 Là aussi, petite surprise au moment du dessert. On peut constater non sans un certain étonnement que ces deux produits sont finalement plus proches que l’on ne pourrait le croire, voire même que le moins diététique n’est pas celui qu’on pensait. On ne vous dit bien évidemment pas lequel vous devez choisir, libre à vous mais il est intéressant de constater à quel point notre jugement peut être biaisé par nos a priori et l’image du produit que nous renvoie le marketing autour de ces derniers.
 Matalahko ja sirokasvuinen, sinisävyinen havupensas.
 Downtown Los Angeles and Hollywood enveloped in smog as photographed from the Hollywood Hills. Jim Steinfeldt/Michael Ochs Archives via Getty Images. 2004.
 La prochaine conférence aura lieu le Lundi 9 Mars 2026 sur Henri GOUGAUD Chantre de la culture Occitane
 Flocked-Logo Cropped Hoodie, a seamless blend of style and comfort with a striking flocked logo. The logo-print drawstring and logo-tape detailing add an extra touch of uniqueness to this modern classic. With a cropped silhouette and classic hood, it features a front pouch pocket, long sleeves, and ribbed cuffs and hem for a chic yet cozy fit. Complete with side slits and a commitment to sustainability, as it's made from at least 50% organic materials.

● ● ● ●

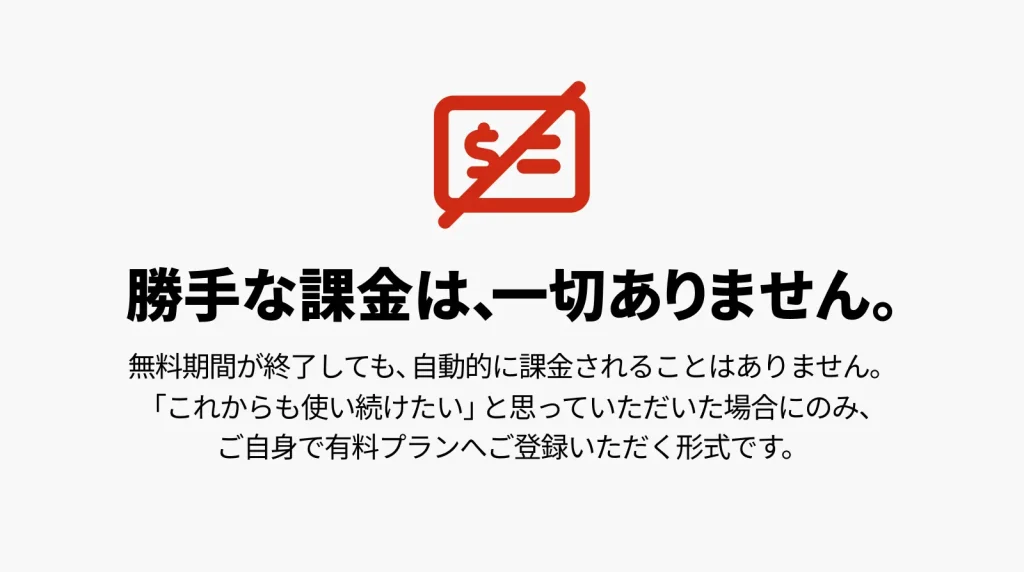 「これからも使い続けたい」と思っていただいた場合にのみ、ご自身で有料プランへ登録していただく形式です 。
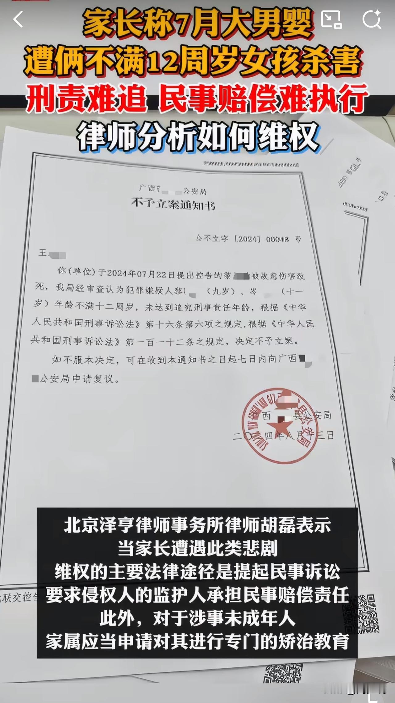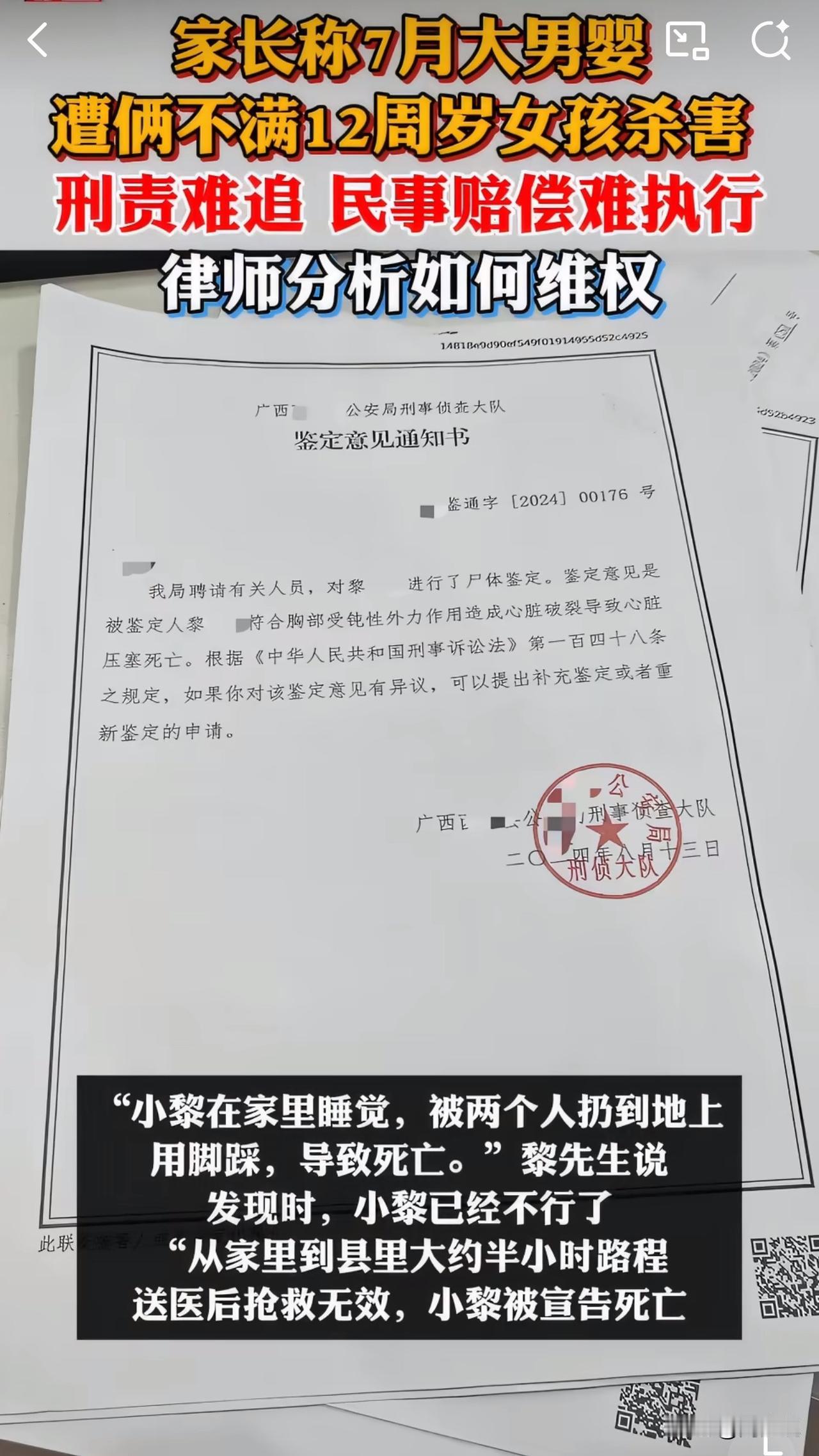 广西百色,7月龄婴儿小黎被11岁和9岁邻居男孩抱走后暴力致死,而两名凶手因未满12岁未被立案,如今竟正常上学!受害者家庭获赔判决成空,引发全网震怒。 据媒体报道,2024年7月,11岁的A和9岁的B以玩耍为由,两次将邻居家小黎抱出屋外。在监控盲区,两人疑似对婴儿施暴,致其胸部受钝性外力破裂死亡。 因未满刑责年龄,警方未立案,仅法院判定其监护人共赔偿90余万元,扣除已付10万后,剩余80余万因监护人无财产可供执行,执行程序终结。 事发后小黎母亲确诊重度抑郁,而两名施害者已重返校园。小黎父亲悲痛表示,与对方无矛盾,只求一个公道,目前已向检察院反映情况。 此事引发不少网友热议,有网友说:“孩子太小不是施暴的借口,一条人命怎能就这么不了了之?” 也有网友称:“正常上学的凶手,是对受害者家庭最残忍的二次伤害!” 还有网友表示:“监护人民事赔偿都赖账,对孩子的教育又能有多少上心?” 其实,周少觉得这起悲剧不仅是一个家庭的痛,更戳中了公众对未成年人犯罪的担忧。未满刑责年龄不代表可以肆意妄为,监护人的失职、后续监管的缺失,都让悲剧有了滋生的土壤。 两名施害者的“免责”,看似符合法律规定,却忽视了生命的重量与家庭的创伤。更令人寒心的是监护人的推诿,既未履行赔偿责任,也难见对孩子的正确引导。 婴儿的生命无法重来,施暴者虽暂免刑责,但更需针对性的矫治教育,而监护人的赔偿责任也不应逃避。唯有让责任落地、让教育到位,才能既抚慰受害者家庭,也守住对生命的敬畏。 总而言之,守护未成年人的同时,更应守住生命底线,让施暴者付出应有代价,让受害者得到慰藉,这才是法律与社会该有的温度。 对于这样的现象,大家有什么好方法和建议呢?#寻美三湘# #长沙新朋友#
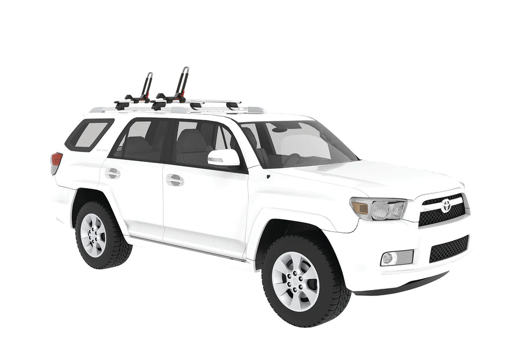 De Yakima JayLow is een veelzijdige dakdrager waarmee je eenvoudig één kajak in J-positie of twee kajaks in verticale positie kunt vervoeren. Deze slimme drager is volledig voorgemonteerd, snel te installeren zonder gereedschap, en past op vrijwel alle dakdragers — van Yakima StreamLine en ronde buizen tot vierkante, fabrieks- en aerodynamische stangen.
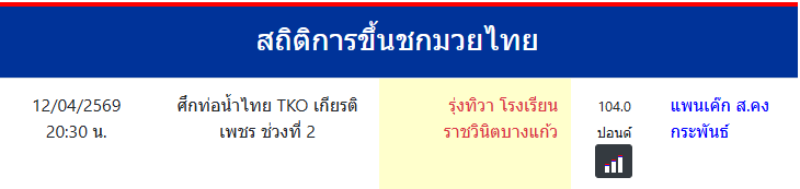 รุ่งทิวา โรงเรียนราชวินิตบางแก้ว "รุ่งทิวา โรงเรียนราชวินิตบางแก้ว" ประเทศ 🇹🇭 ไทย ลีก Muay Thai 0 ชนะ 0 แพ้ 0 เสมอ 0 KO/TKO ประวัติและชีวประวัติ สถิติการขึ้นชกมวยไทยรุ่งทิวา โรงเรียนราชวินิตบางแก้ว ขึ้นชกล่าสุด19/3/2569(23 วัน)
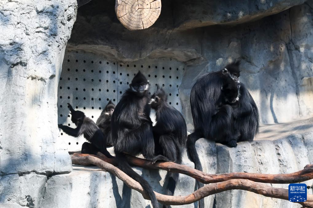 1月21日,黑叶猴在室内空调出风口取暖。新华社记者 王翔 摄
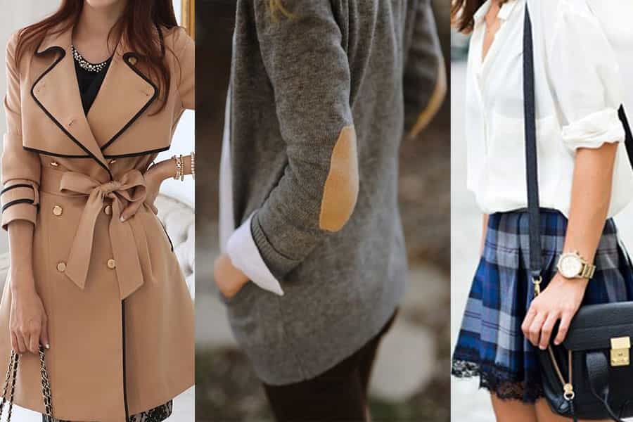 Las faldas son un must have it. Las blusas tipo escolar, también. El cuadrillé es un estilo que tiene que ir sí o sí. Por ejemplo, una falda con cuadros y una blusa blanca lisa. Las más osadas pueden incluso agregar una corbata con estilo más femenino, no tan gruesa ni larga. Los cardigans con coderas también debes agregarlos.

● ● ● ●

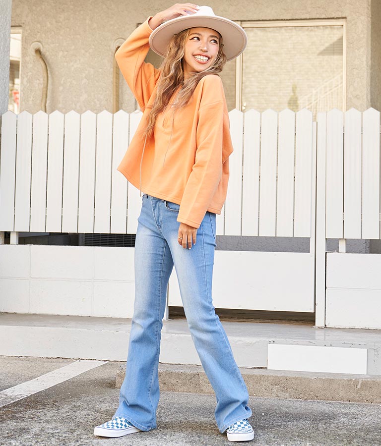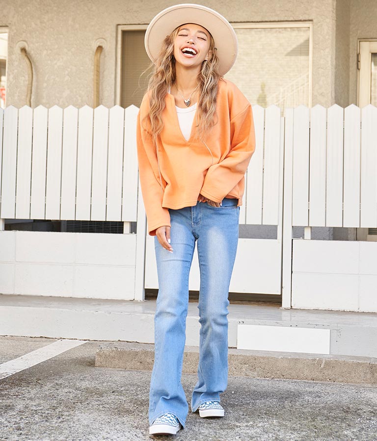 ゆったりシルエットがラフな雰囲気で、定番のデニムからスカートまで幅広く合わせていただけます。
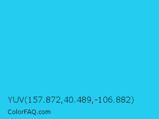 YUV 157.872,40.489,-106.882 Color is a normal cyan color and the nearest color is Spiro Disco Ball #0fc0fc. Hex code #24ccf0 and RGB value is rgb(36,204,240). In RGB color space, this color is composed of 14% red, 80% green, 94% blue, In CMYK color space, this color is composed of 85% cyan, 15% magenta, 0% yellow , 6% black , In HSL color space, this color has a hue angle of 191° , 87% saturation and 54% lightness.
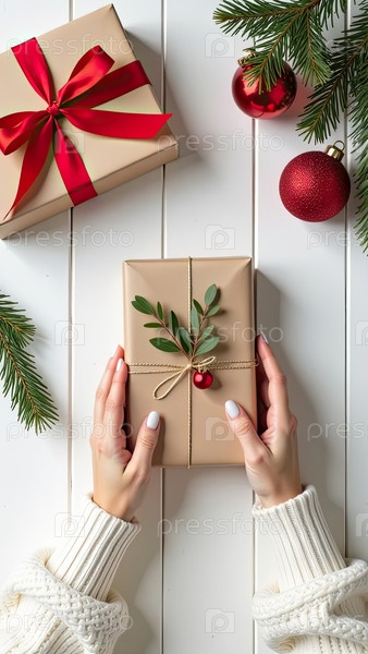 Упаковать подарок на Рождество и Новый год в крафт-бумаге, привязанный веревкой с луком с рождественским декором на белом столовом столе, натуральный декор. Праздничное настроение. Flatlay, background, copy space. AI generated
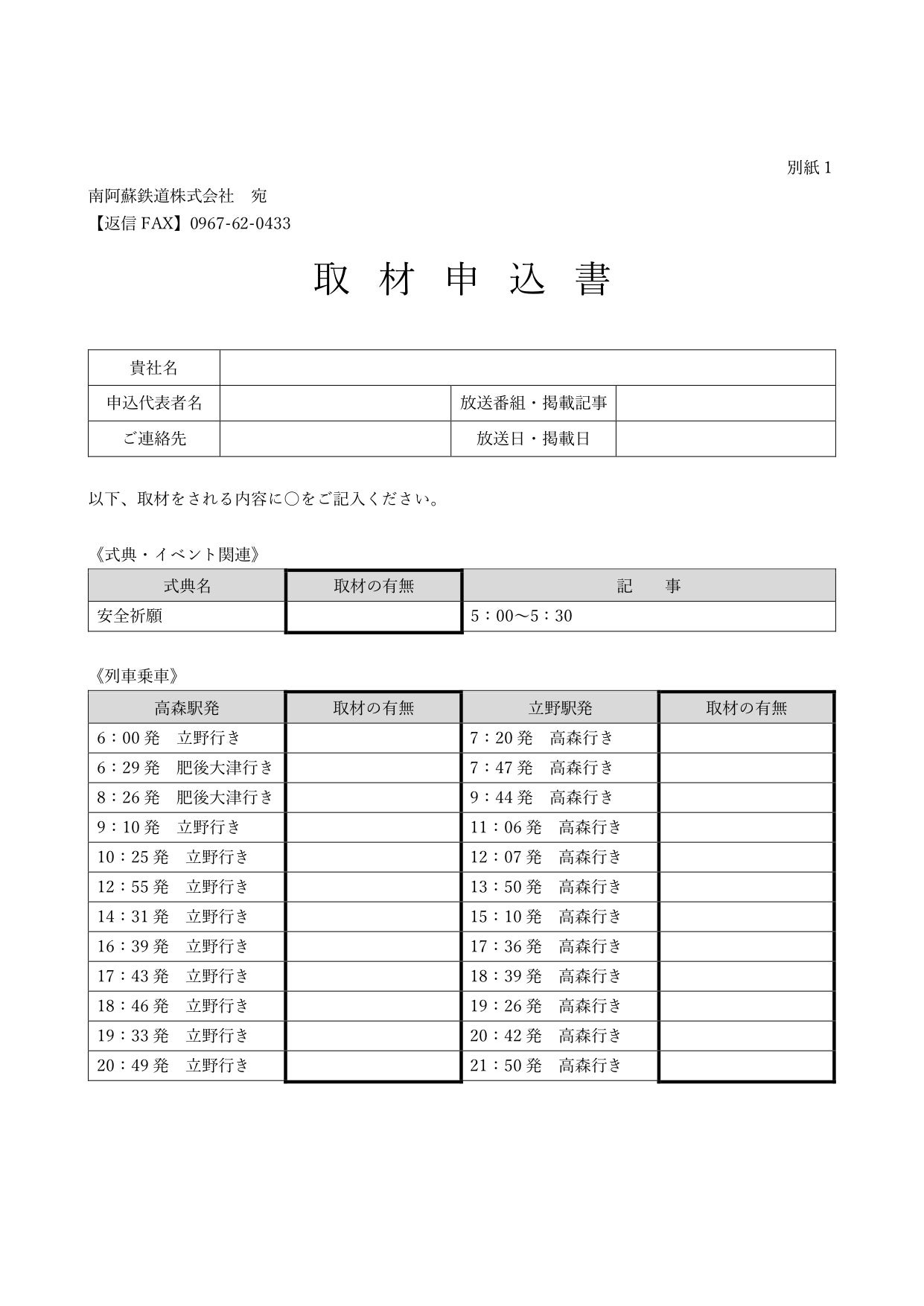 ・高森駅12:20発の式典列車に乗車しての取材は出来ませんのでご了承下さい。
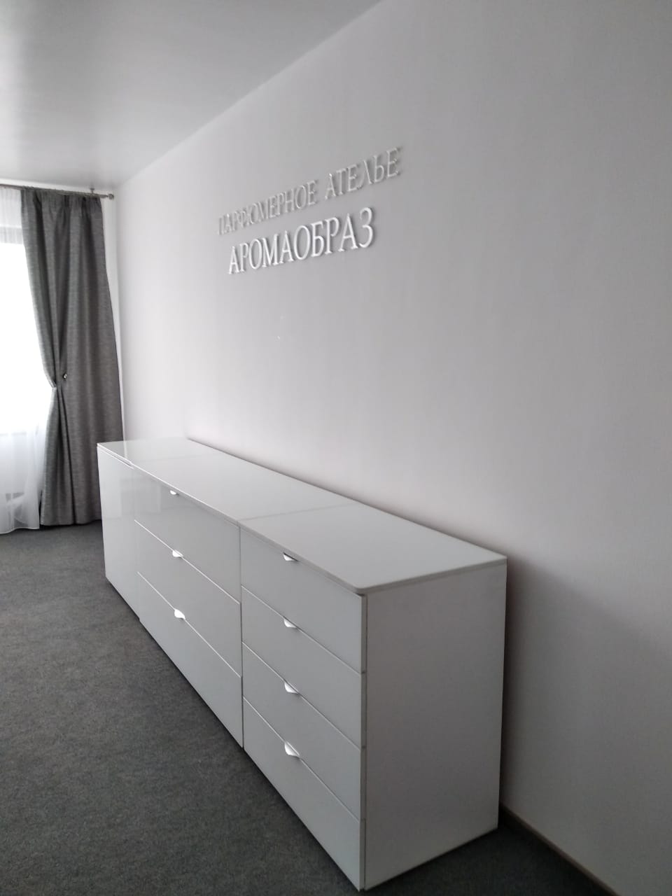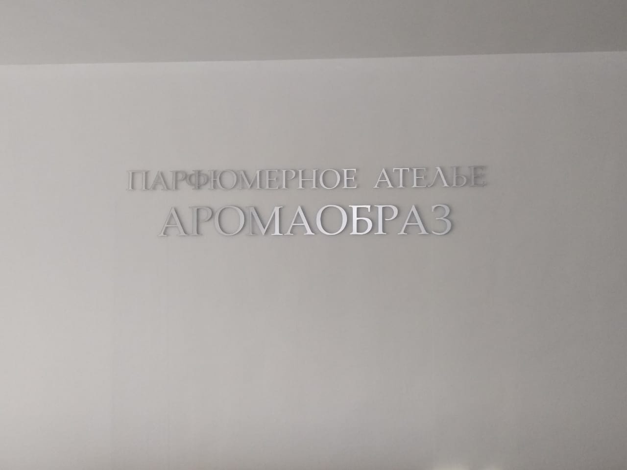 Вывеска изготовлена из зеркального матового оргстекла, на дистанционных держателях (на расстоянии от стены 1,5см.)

● ● ● ●

- Exercise brief
Go through the listing above and write out exactly the lines starting with the one holding "La prochaine conférence" and running through the one holding "Flocked-Logo Cropped Hoodie, a", ends included, and no others.

- Answer space
 La prochaine conférence aura lieu le Lundi 9 Mars 2026 sur Henri GOUGAUD Chantre de la culture Occitane
 Flocked-Logo Cropped Hoodie, a seamless blend of style and comfort with a striking flocked logo. The logo-print drawstring and logo-tape detailing add an extra touch of uniqueness to this modern classic. With a cropped silhouette and classic hood, it features a front pouch pocket, long sleeves, and ribbed cuffs and hem for a chic yet cozy fit. Complete with side slits and a commitment to sustainability, as it's made from at least 50% organic materials.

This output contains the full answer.